До Микуни ехали почти сутки, затем стояли два часа, после чего наши вагоны прицепляли к поеду Сыктывкар — Кослан, еще полтора часа — и мы наконец прибывали на станцию назначения Еринь. Для москвичей почти все названия населенных пунктов на этой ветке звучали как слова какой-то непонятной, но красивой песни: Певью, Вежайка, Яренга, Мозындор, Едва, Усва, Вендинга…
А для местных это были названия зон или поселений. Представьте себе: первая от Микуни станция — Певью; глухой забор, вплотную подходящий к поезду; колючка, вышки, часовые; в глаза бьют прожектора. По вагонам ходят вежливые молодые люди в штатском, проверяют документы: «Куда едете? Зачем? Когда обратно? Спасибо, всего хорошего»...
Постепенно до нас доходило, что мы стояли на пороге совершенно другой жизни — без театров, стадионов, походов к друзьям, вечеринок... Это была земля СпецКосланЛеса. Главная ее сила — люди, либо осужденные, либо вышедшие по УДО. Их работа — валить, заготавливать, вывозить, отгружать и перерабатывать лес. Ле́са в те годы в Коми было очень много. Как зон, зэков, зверя и птицы. Мало было только охотников.

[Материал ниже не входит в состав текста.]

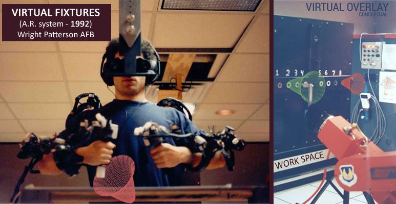 Virtual Fixtures system (first immersive Augmented Reality system. Built at U.S. Air Force, Armstrong Labs, 1992. Picture features Dr. Louis Rosenberg at WPAFB wearing a full upper-body exoskeleton, interacting freely in 3D with immersive overlaid virtual objects called 'fixtures')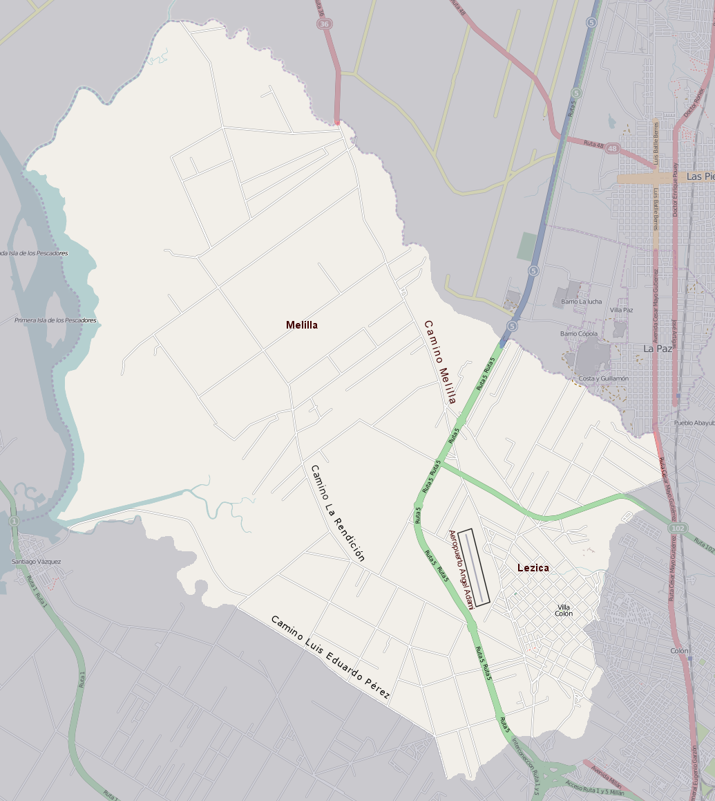 Street map of Lezica - Mellila, Montevideo, exported from OpenStreetMap. I added shading to delimit the barrio. This map may be incomplete, and may contain errors. Don't rely solely on it for navigation.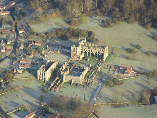 Aerial shot of Rievaulx Abbey in winter Taken at 1500ft from my microlight aircraft.

На станции Еринь, в поселке Яренга, жили пять сотен вольных и почти полторы тысячи поселенцев. Ко времени прибытия поезда в Еринь жизнь в поселке замирала. Вольные предпочитали без дела из дома не выходить, потому как можно было запросто словить доской по голове где-нибудь около поселкового магазина, а другие… Другие по большей части находились в казармах и готовились кто к беседе со взводным, кто к разбору полетов с товарищами по несчастью, кто к ночной смене, кто ко сну: ужинали, подшивались, играли в карты, шахматы, шашки. В общем, жизнь шла своим чередом…
Мы проходили темным поселком следом за встретившими нас братьями Ашпаровыми и входили в один из самых гостеприимных домов на земле, где нас ждали добрейшие люди — Октябрина Ивановна и Иван Захарович. Что заставило их покинуть благословенную Молдавию и осесть в суровой Яренге — отдельная история.
А пока нас с братом усаживали за стол и потчевали таежными дарами: котлетами из медвежатины, лосиной печенкой, тушеными глухариными грудками, грибами, моченой брусникой и прочими деликатесами. Иногда на стол выставлялась тарелка с малосольной семгой, которую хозяевам приносили местные удальцы, ставившие сети в потаенных реках, текущих к студеному Баренцеву морю.
Излишне говорить, что все это изобилие запивалось изрядным количеством водки. Гостеприимство дорогих стариков было столь мощным, что мы попросту сбегали от него в тайгу. Впрочем, бежать долго не приходилось. Лес начинался прямо за огородом.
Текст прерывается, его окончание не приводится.